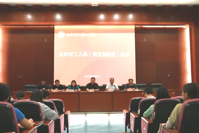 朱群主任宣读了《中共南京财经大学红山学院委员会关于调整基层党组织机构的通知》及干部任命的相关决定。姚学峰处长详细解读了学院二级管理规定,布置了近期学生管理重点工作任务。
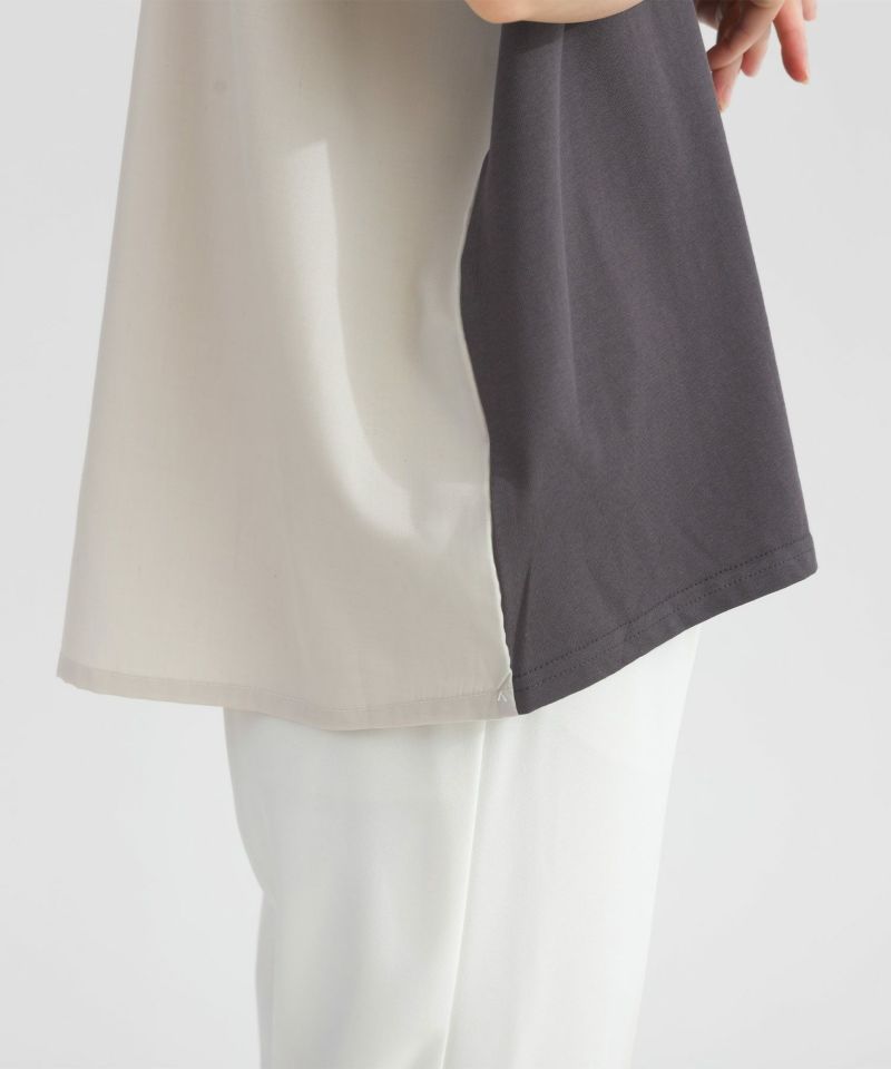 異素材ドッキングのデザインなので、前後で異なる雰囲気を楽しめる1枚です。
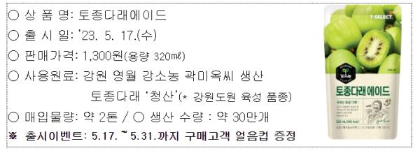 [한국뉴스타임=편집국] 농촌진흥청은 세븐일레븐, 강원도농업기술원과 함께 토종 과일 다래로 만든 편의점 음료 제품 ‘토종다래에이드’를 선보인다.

...

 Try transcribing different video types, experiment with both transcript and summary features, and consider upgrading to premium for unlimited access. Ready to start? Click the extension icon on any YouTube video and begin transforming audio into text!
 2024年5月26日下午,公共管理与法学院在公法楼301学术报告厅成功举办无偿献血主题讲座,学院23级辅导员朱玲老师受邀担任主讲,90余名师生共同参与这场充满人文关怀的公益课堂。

ABOUT THIS EXERCISE: Repeat exactly the lines of the listing above, from the one with "Try transcribing different" down to the one with "2024年5月26日下午,公"; both of those lines belong in the range.

EXPECTED ANSWER:
 Try transcribing different video types, experiment with both transcript and summary features, and consider upgrading to premium for unlimited access. Ready to start? Click the extension icon on any YouTube video and begin transforming audio into text!
 2024年5月26日下午,公共管理与法学院在公法楼301学术报告厅成功举办无偿献血主题讲座,学院23级辅导员朱玲老师受邀担任主讲,90余名师生共同参与这场充满人文关怀的公益课堂。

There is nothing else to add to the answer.